Of course, some key developers will always be tied up with customer requests or urgent bug fixes. But thanks to Alex’s new approach, there’s now always someone ready to step in — ensuring that we can respond to community contributions “within a reasonable time”, as the MoU indicates.

As you can imagine, this requires a fair amount of behind-the-scenes coordination and effort. We’ll return to this topic in future updates.

On another note, we’ve taken active steps to bring more community input into our roadmap planning.

While community voting has long been a feature in the MariaDB issue tracker (Jira), it has often been overlooked in the past. To change that — and to gain clearer insight into what the community truly values — we’re now encouraging users to vote on feature requests.

Robert Silén outlines the initiative in his recent blog post: Give MariaDB Jira votes and comments. If you care about a particular feature, now is the time to make your voice heard!

3. Outreach: Evangelise the current and potential users to drive adoption!

The biggest event in March was CloudFest in Rust, Germany — and once again, MariaDB made its presence felt.

For the third year in a row, our founder Michael “Monty” Widenius attended, joined this time by our CEO Anna Widenius and VP of Engineering Vicentiu Ciorbaru.

As tradition has it, Monty served up some of his signature Irish Coffees, much to the delight of select CloudFest attendees — a small ritual that seems to grow in popularity each time.

Meanwhile, Anna has been working on refining our sponsorship benefits, with a particular focus on the Silver tier. Discussions at CloudFest proved valuable, and we expect to share more on this in our April update.

4. Vectors & AI: Bring in new users to MariaDB Server!

We kicked off a MariaDB AI RAG hackathon using MariaDB Vector, as introduced in Robert Silén’s blog: Join our AI Hackathon with MariaDB Vector.

The hackathon leads up to the Helsinki Python meetup, which the Foundation will be hosting in May.
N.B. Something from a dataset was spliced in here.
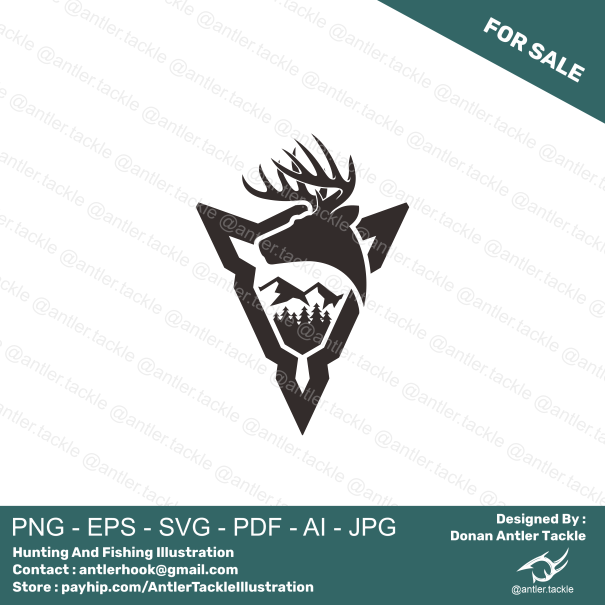 Deer Head Antler Mountain Broadhead Hunting Logo Exclusive License Designed By Donan Antler Tackle

By the end of March, we had already received several submissions — thanks in large part to the energy and publicity from the awesome Helsinki Python community.

Check out Robert’s follow-up posts:

5. Enable MySQL users to use MariaDB even more easily!

We live in a world where national interests intertwine with IT vendor interests. Interest is currently booming in “European Alternatives“. In the blog MariaDB, an Open Source Alternative, I noted that MariaDB Server is unaffected by considerations related to protectionism. “In fact, choosing Open Source protects the user – an individual, an organisation, or a government – from protectionism itself.

6. MariaDB for Universities Program: Support database tuition with MariaDB!

Last but not least, we finally got the kickoff contribution that I have been dreaming of since we first had the idea in 2019, about working with universities. Let me quote from the MoU:

  • The Corporation will release basic training materials for noncommercial use under the CC BY-NC-SA 4.0 license and grants the Foundation the rights (consents) to use the MariaDB trademark in the “MariaDB for Universities Program” designation.
  • Once the training materials are released, the Foundation shall launch the “MariaDB for Universities Program”, with the primary goal to further the usage of MariaDB Server as a sample relational database in academic lectures in universities, and the secondary goal of giving all MariaDB developers and users access to quality training materials when learning RDBMS concepts, SQL syntax and DBA skills 
  • The Foundation shall release the lecture materials on GitHub in an open format (such as markdown) and facilitate the creation of an active community of contributors to the training materials.

You’ll hear more about this in April, once we’ve gone live with the materials. Anyway – big thanks to MariaDB plc for the initial spark!